* [SUPPLIED ENTRIES]
-- Opening Marker --
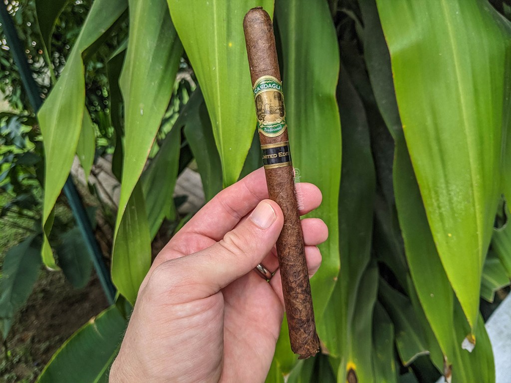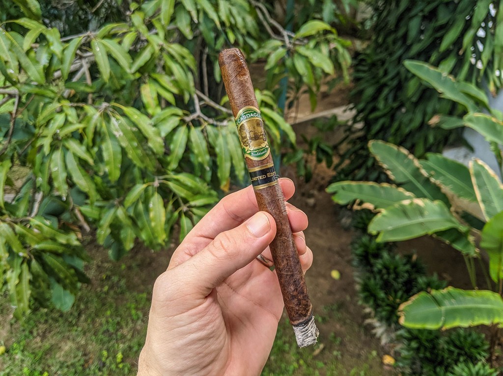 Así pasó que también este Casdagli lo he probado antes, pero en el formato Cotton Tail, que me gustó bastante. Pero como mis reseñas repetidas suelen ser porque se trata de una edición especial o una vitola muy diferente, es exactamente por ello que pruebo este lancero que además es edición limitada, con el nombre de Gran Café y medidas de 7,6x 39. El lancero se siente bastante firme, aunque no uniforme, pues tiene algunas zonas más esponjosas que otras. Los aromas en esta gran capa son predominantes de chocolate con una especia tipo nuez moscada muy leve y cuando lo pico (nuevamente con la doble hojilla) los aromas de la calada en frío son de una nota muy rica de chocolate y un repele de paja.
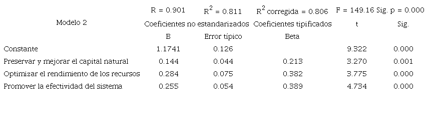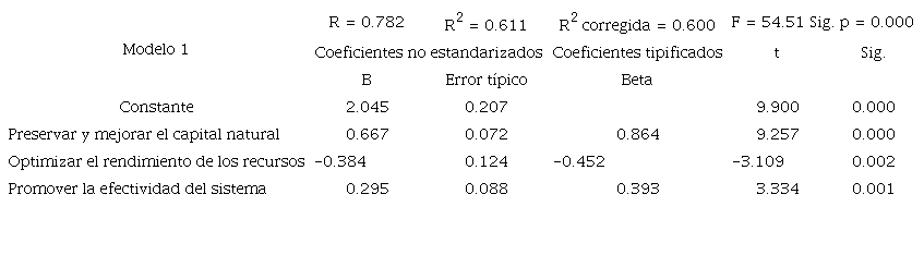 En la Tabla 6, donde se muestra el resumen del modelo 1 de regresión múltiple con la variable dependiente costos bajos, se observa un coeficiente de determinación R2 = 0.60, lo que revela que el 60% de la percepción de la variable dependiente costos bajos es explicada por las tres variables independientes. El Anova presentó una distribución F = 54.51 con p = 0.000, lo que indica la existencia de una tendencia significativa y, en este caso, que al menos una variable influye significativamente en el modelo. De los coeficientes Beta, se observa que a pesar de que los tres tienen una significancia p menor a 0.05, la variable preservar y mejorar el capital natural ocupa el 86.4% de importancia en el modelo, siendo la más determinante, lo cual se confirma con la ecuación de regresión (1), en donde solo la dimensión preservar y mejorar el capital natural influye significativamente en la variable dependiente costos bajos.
-- Closing Marker --
-- Opening Marker --
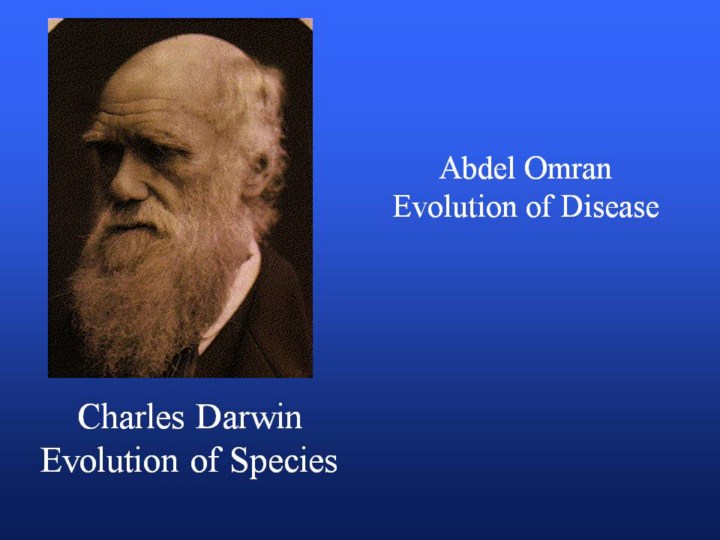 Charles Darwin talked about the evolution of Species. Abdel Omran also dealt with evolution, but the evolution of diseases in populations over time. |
-- Closing Marker --
-- Opening Marker --
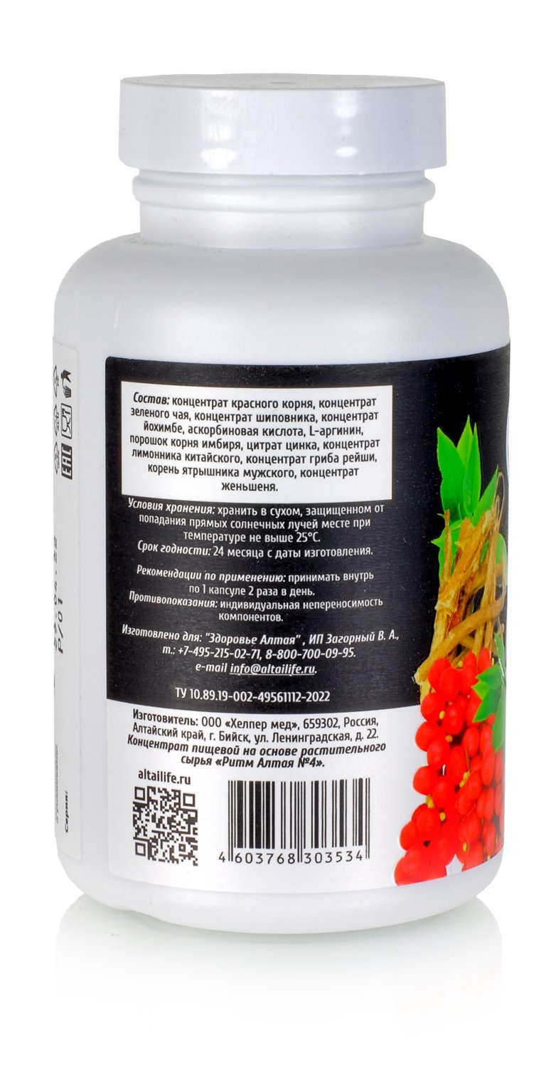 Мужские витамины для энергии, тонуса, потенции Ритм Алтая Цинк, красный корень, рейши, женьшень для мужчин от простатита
-- Closing Marker --
* [TASK ITEM]
Text only, no pictures: please print exactly the lines above from the line with "Así pasó que" up to and including the line with "En la Tabla", and nothing else.

* [SOLUTION]
 Así pasó que también este Casdagli lo he probado antes, pero en el formato Cotton Tail, que me gustó bastante. Pero como mis reseñas repetidas suelen ser porque se trata de una edición especial o una vitola muy diferente, es exactamente por ello que pruebo este lancero que además es edición limitada, con el nombre de Gran Café y medidas de 7,6x 39. El lancero se siente bastante firme, aunque no uniforme, pues tiene algunas zonas más esponjosas que otras. Los aromas en esta gran capa son predominantes de chocolate con una especia tipo nuez moscada muy leve y cuando lo pico (nuevamente con la doble hojilla) los aromas de la calada en frío son de una nota muy rica de chocolate y un repele de paja.
 En la Tabla 6, donde se muestra el resumen del modelo 1 de regresión múltiple con la variable dependiente costos bajos, se observa un coeficiente de determinación R2 = 0.60, lo que revela que el 60% de la percepción de la variable dependiente costos bajos es explicada por las tres variables independientes. El Anova presentó una distribución F = 54.51 con p = 0.000, lo que indica la existencia de una tendencia significativa y, en este caso, que al menos una variable influye significativamente en el modelo. De los coeficientes Beta, se observa que a pesar de que los tres tienen una significancia p menor a 0.05, la variable preservar y mejorar el capital natural ocupa el 86.4% de importancia en el modelo, siendo la más determinante, lo cual se confirma con la ecuación de regresión (1), en donde solo la dimensión preservar y mejorar el capital natural influye significativamente en la variable dependiente costos bajos.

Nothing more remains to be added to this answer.